Drift prevention: How to prevent accumulated learnings from overwhelming the original skill intent?
Conflict resolution: What happens when a lesson from one session contradicts another?
Quality gate: Should updates require a validation pass before being written?

2. DAG-Based Parallel Tool Execution

Category: Performance Impact: High | Effort: Medium | Priority: #2

What It Is

The LLM Compiler pattern (ICML 2024) treats multi-tool workflows like a compiler optimization pass. When the model returns multiple tool calls in a single response, instead of executing them sequentially, the system:

Analyzes dependencies between tool calls
Constructs a Directed Acyclic Graph (DAG)
Executes independent tools in parallel
Blocks only on actual data dependencies

How It Works

Current SF behavior (sequential):

Read(auth.ts) ─── 150ms ───▶ result
                               │
Read(types.ts) ─── 120ms ──▶ result
                               │
Grep("login") ─── 80ms ────▶ result
                               │
Read(test.ts) ─── 130ms ───▶ result
                               │
Total: ~480ms sequential

With DAG execution (parallel):

Read(auth.ts)  ─── 150ms ──▶ result ─┐
Read(types.ts) ─── 120ms ──▶ result ─┤
Grep("login")  ─── 80ms ───▶ result ─┤── all complete at 150ms
Read(test.ts)  ─── 130ms ──▶ result ─┘
                                      │
Total: ~150ms (max of parallel set)

Dependency analysis rules:

Tool A	Tool B	Dependency?	Reason
Read(file)	Read(file)	No	Reads are idempotent
Read(file)	Grep(pattern)	No	Independent data sources
Read(file)	Edit(file)	Yes	Edit depends on Read content
Edit(file)	Edit(file)	Yes	Edits to same file must serialize
Bash(cmd)	Bash(cmd)	Maybe	Depends on side effects
Write(file)	Read(file)	Yes	Read after write needs write to complete

Why It Fits SF

The model already emits multiple tool_use blocks in a single response. SF processes them, but the execution path in agent-loop.ts handles them in sequence. The parallelism opportunity is sitting right there.

Measured impact estimate: A typical coding turn involves 3-5 tool calls.
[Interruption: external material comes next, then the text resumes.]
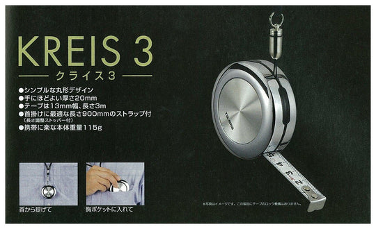 Thước cuộn này có thiết kế gọn nhẹ và thời trang, với kiểu dáng tròn đơn giản, kết hợp giữa tính năng và thẩm mỹ. Sản phẩm đi kèm với dây đeo dài 900 mm, cho phép bạn treo quanh cổ để dễ dàng tiếp cận khi sử dụng. Thước được thiết kế dễ mang theo và thoải mái, với độ dày 20 mm vừa tay bạn.

With 60% parallelizable (reads, greps, globs), per-turn latency drops by 40-60%. Over a 50-turn session, that's minutes saved.

Integration Points

SF Component	Role in Integration
`agent-loop.ts` tool execution path	Replace sequential execution with DAG scheduler
Tool definitions	Annotate tools with side-effect metadata (pure/impure)
Extension hooks (`tool_*`)	Must still fire in correct order per dependency chain

Architecture

Model response with N tool_use blocks
                │
                ▼
┌──────────────────────────────┐
│      Dependency Analyzer      │
│  • Parse tool calls           │
│  • Identify file overlaps     │
│  • Identify data dependencies │
│  • Classify: pure vs impure   │
└──────────────┬───────────────┘
               │
               ▼
┌──────────────────────────────┐
│        DAG Constructor        │
│  • Nodes = tool calls         │
│  • Edges = dependencies       │
│  • Topological sort           │
└──────────────┬───────────────┘
               │
               ▼
┌──────────────────────────────┐
│      Parallel Executor        │
│  • Execute roots immediately  │
│  • On completion, unlock      │
│    dependent nodes            │
│  • Collect all results        │
│  • Return in original order   │
└──────────────────────────────┘

Open Questions

Bash side effects: How to determine if two Bash commands conflict without executing them?
Extension hooks: Should tool_start/tool_end events fire in execution order or original order?
Error propagation: If a parallel tool fails, do dependent tools get cancelled or receive the error?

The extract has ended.